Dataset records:
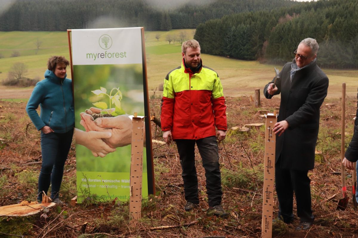 Seit November 2022 besteht eine Kooperation zwischen der gemeinnützigen „myreforest GmbH“, dem zuständigen Forstamt, der Sparkasse Freiburg-Nördl.Brsg. und einem Grundbesitzer in Biederbach. Die ersten 1.000 Bäume werden jetzt gepflanzt, weitere 2.000 Bäume kommen im Herbst auf eine 1 Hektar große, sturmgeschädigte Fläche mit Fichtenwald. Dort wird nun als Gemeinschaftsprojekt ein klimagerechter Mischwald angepflanzt.
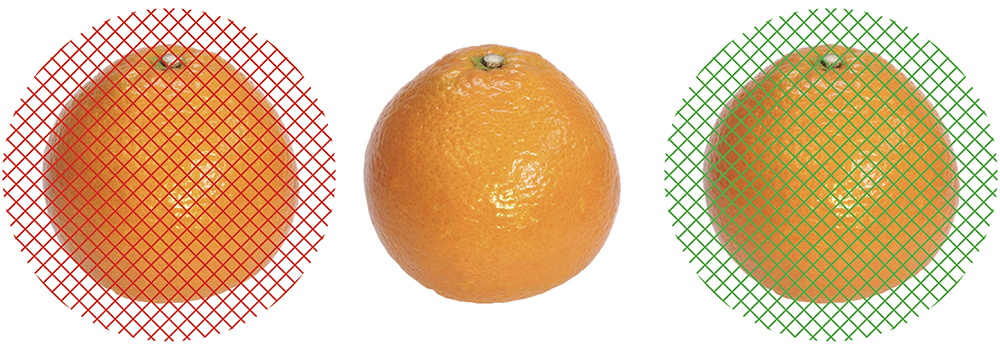 みかんに赤のネットを重ねると赤味を増す。
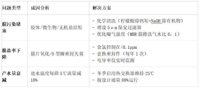 膜分离系统故障(反渗透/超滤/MBR)
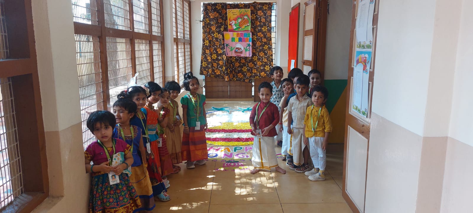 Children brought colourful flowers for making flower rangoli (POOKALAM) which was a collaborative activity by the kg teachers.
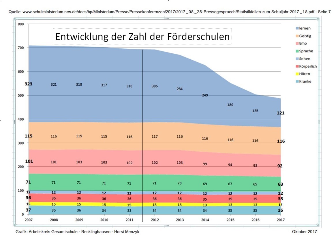 Schulträger in Kreisen erhalten die Möglichkeit, gemeinsam auf die Fortführung aller ihrer Förderschulen mit den Förderschwerpunkten Lernen, Emotionale und soziale Entwicklung sowie Sprache zu verzichten; das gilt auch für kreisfreie Städte.
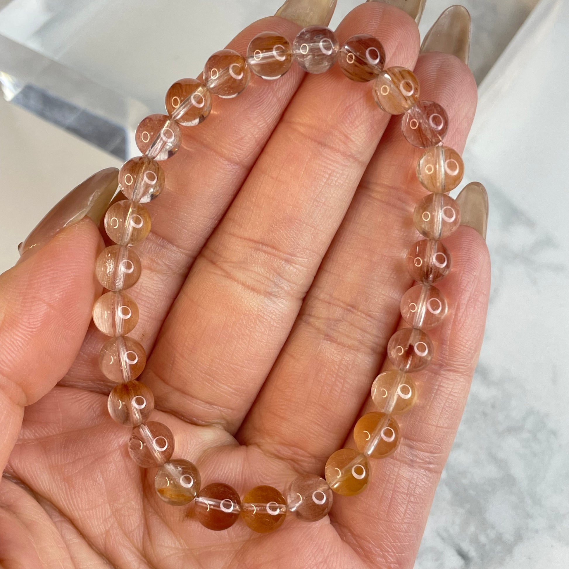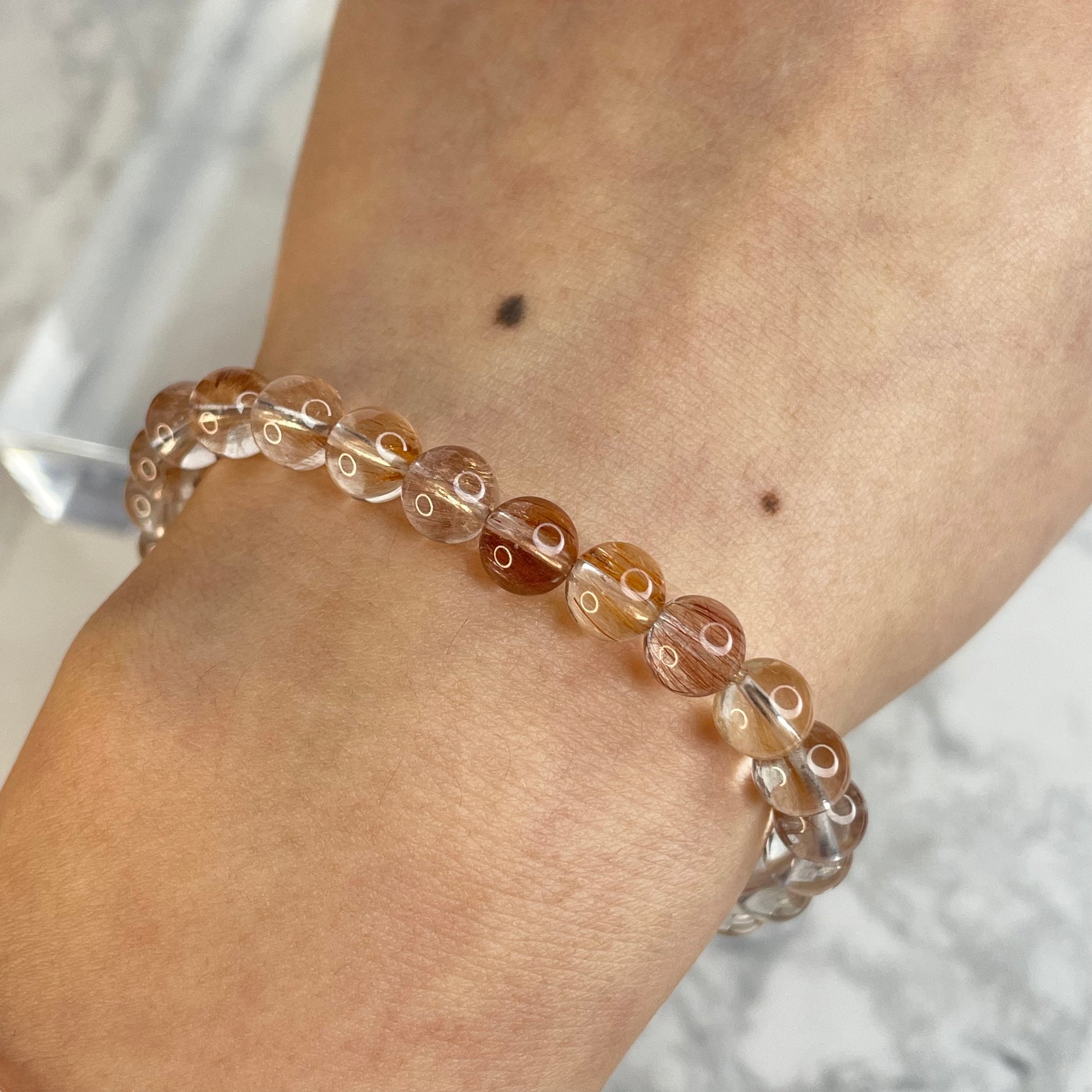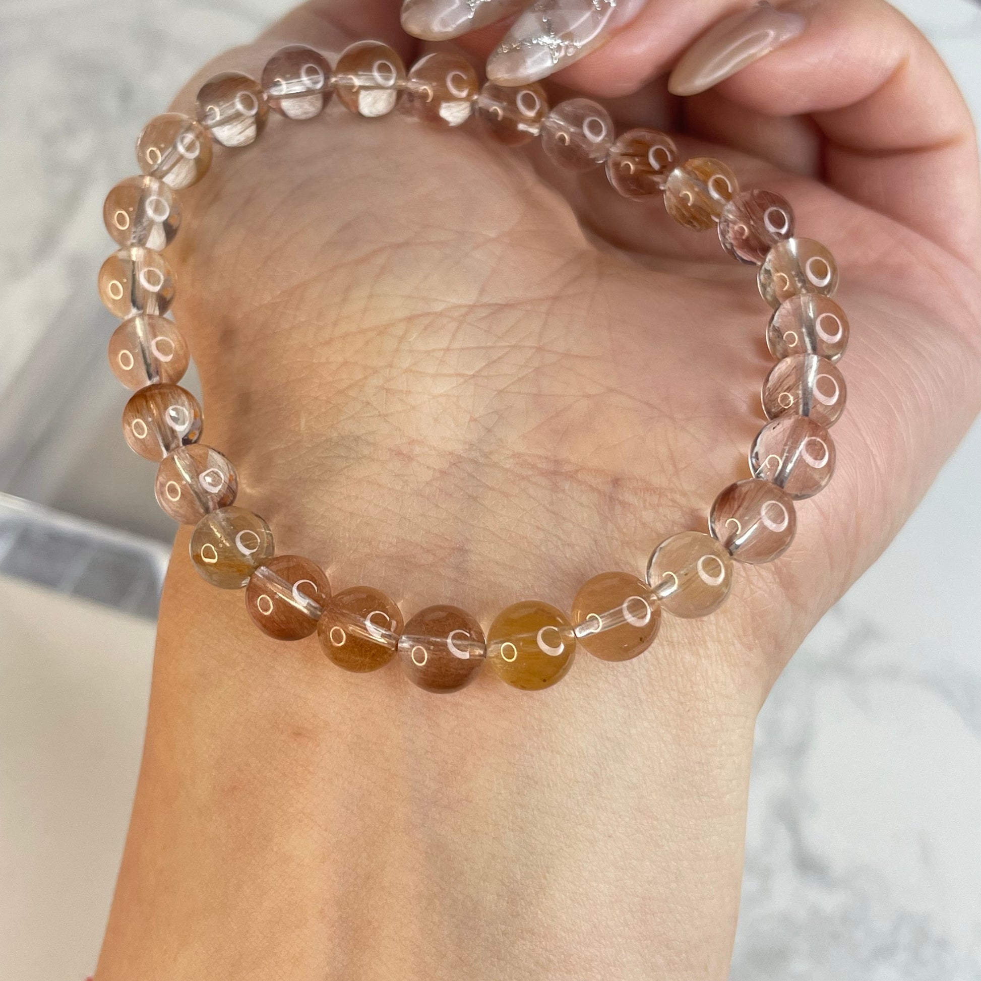 Step into a world of quiet elegance with this 6mm Rainbow Rutile Quartz bracelet. Each bead features delicately woven rutile threads — like soft rabbit hair — suspended in crystal-clear quartz. The gradient hues range from golden honey to burnt caramel, revealing a natural transition of warmth and depth.
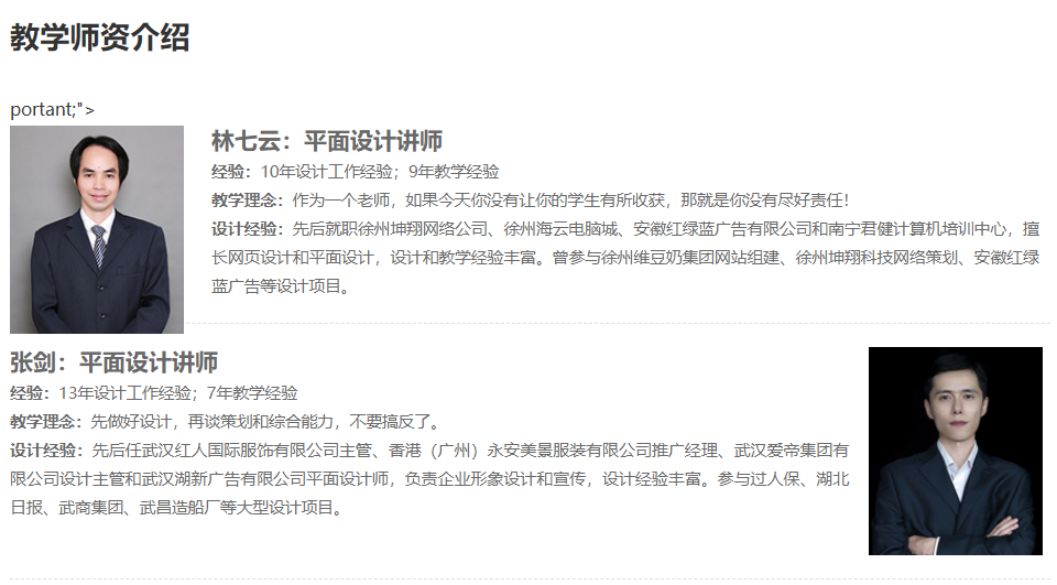 貴陽天琥教育經(jīng)過“面試、項(xiàng)目測(cè)試、復(fù)試、試講、教研培訓(xùn)”五大步驟嚴(yán)格選拔設(shè)計(jì)講師,每位講師都擁有豐富的項(xiàng)目經(jīng)驗(yàn)。進(jìn)入天琥的他們大多是來自4A廣告公司的設(shè)計(jì)精英、設(shè)計(jì)總監(jiān)、藝術(shù)教授。他們憑借自身強(qiáng)大的項(xiàng)目經(jīng)驗(yàn),面對(duì)面教授學(xué)員,讓學(xué)員掌握項(xiàng)目精髓。

EXERCISE DIRECTIONS: Reproduce all of the entries word for word, skipping any pictures they hold.

EXERCISE OUTPUT:
 Seit November 2022 besteht eine Kooperation zwischen der gemeinnützigen „myreforest GmbH“, dem zuständigen Forstamt, der Sparkasse Freiburg-Nördl.Brsg. und einem Grundbesitzer in Biederbach. Die ersten 1.000 Bäume werden jetzt gepflanzt, weitere 2.000 Bäume kommen im Herbst auf eine 1 Hektar große, sturmgeschädigte Fläche mit Fichtenwald. Dort wird nun als Gemeinschaftsprojekt ein klimagerechter Mischwald angepflanzt.
 みかんに赤のネットを重ねると赤味を増す。
 膜分离系统故障(反渗透/超滤/MBR)
 Children brought colourful flowers for making flower rangoli (POOKALAM) which was a collaborative activity by the kg teachers.
 Schulträger in Kreisen erhalten die Möglichkeit, gemeinsam auf die Fortführung aller ihrer Förderschulen mit den Förderschwerpunkten Lernen, Emotionale und soziale Entwicklung sowie Sprache zu verzichten; das gilt auch für kreisfreie Städte.
 Step into a world of quiet elegance with this 6mm Rainbow Rutile Quartz bracelet. Each bead features delicately woven rutile threads — like soft rabbit hair — suspended in crystal-clear quartz. The gradient hues range from golden honey to burnt caramel, revealing a natural transition of warmth and depth.
 貴陽天琥教育經(jīng)過“面試、項(xiàng)目測(cè)試、復(fù)試、試講、教研培訓(xùn)”五大步驟嚴(yán)格選拔設(shè)計(jì)講師,每位講師都擁有豐富的項(xiàng)目經(jīng)驗(yàn)。進(jìn)入天琥的他們大多是來自4A廣告公司的設(shè)計(jì)精英、設(shè)計(jì)總監(jiān)、藝術(shù)教授。他們憑借自身強(qiáng)大的項(xiàng)目經(jīng)驗(yàn),面對(duì)面教授學(xué)員,讓學(xué)員掌握項(xiàng)目精髓。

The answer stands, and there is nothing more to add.